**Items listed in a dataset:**
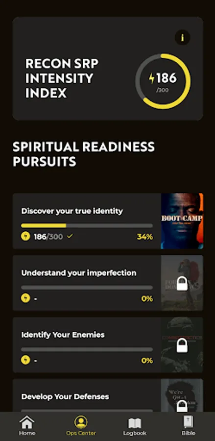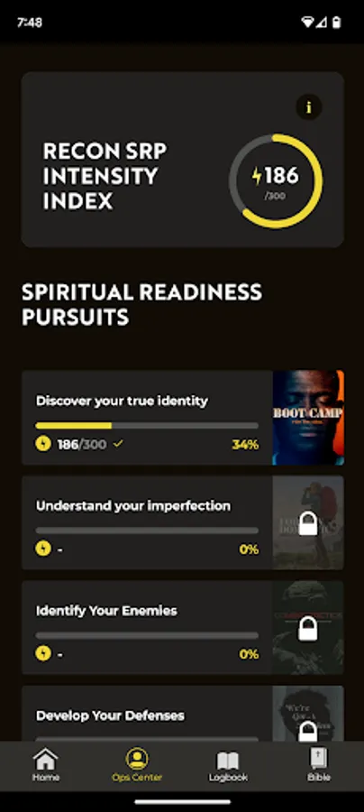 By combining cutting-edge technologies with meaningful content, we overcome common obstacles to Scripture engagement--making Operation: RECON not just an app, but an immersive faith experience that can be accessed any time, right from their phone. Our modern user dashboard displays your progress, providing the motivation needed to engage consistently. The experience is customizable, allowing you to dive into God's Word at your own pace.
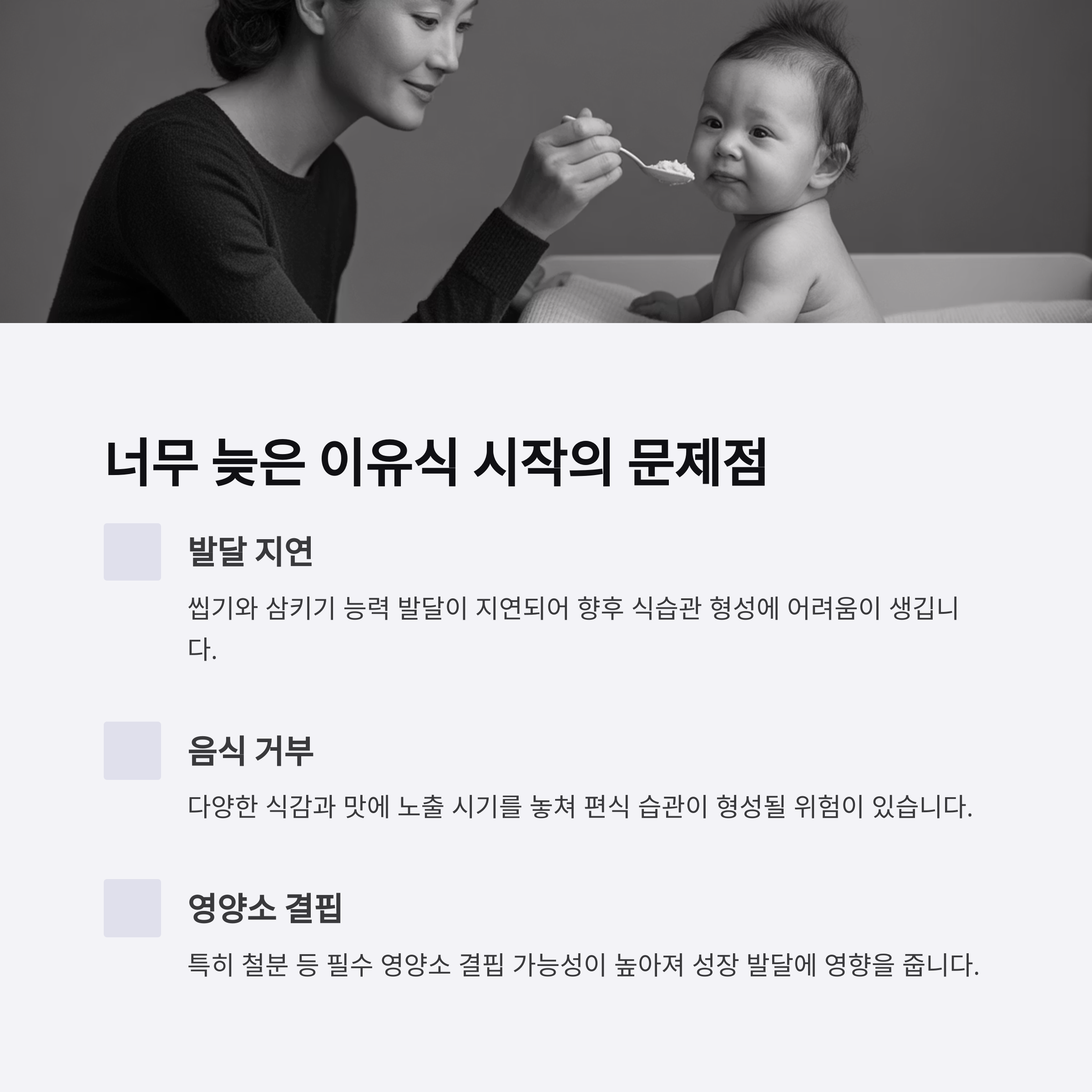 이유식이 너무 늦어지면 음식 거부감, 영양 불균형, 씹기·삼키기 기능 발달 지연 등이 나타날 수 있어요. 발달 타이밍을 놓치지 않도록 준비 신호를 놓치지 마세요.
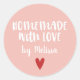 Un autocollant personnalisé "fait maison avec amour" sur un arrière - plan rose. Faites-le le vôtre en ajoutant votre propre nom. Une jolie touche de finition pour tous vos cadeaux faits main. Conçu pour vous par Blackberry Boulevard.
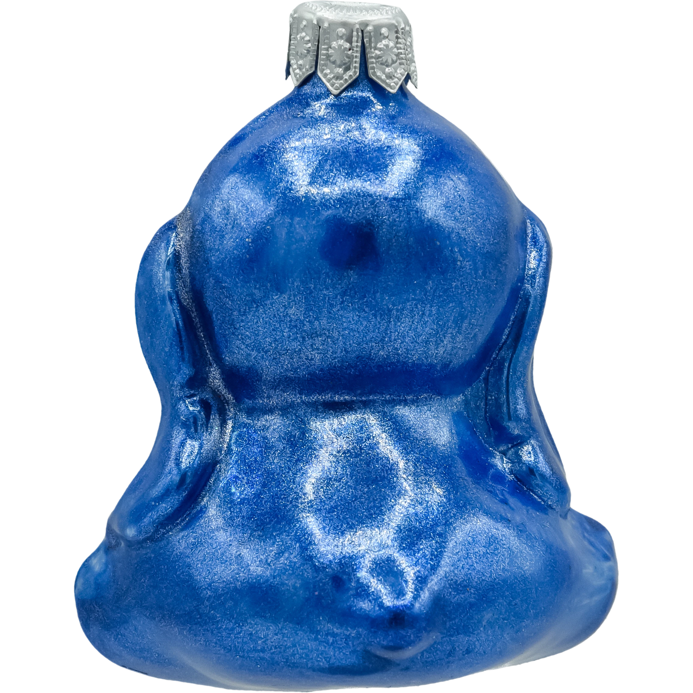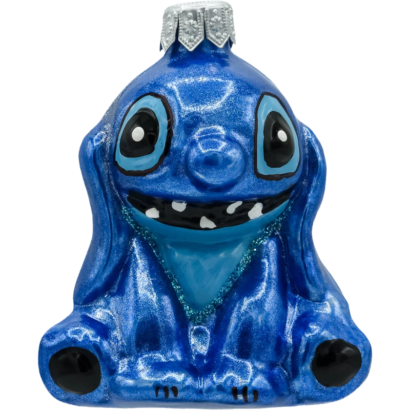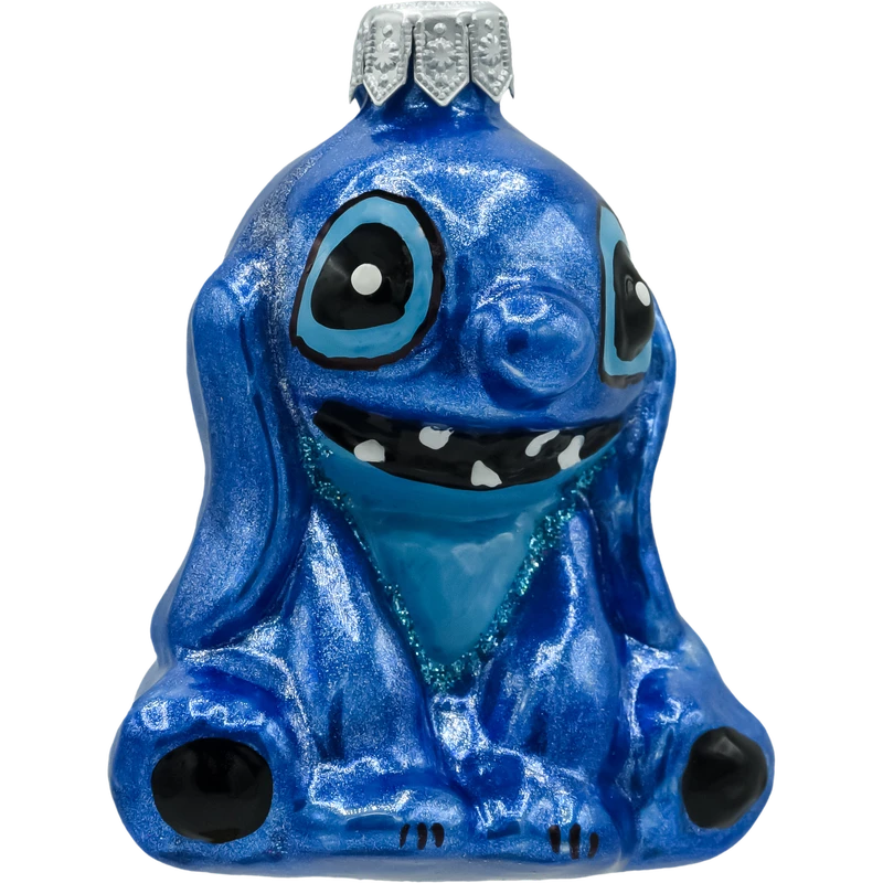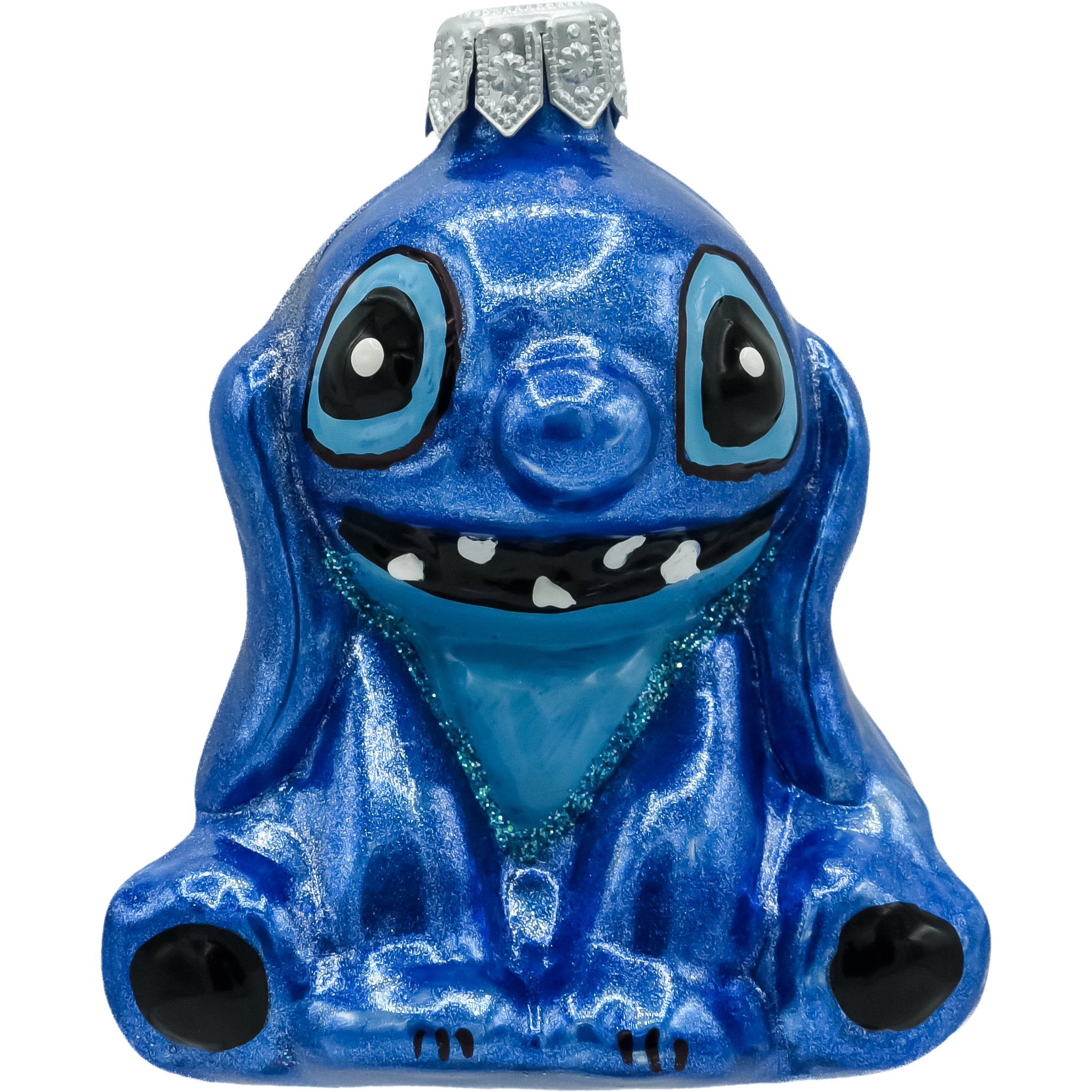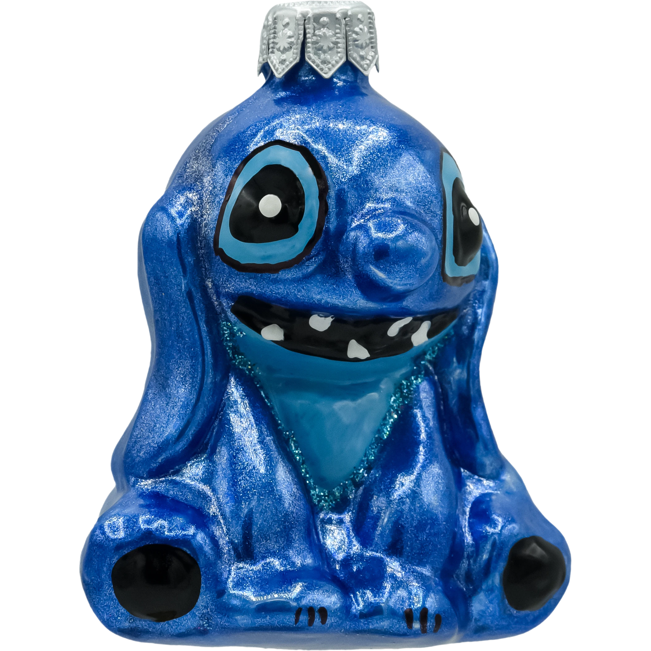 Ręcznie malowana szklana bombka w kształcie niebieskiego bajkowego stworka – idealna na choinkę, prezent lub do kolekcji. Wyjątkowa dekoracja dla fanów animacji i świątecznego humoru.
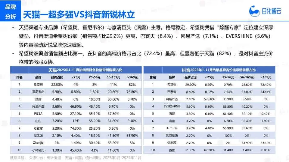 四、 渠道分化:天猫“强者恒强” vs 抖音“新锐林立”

**TASK TO COMPLETE:** Reproduce nothing but the lines that run from the line containing "Ręcznie malowana szklana" through the last line of the records, inclusive. Omit the pictures.

**FINISHED EXERCISE:**
 Ręcznie malowana szklana bombka w kształcie niebieskiego bajkowego stworka – idealna na choinkę, prezent lub do kolekcji. Wyjątkowa dekoracja dla fanów animacji i świątecznego humoru.
 四、 渠道分化:天猫“强者恒强” vs 抖音“新锐林立”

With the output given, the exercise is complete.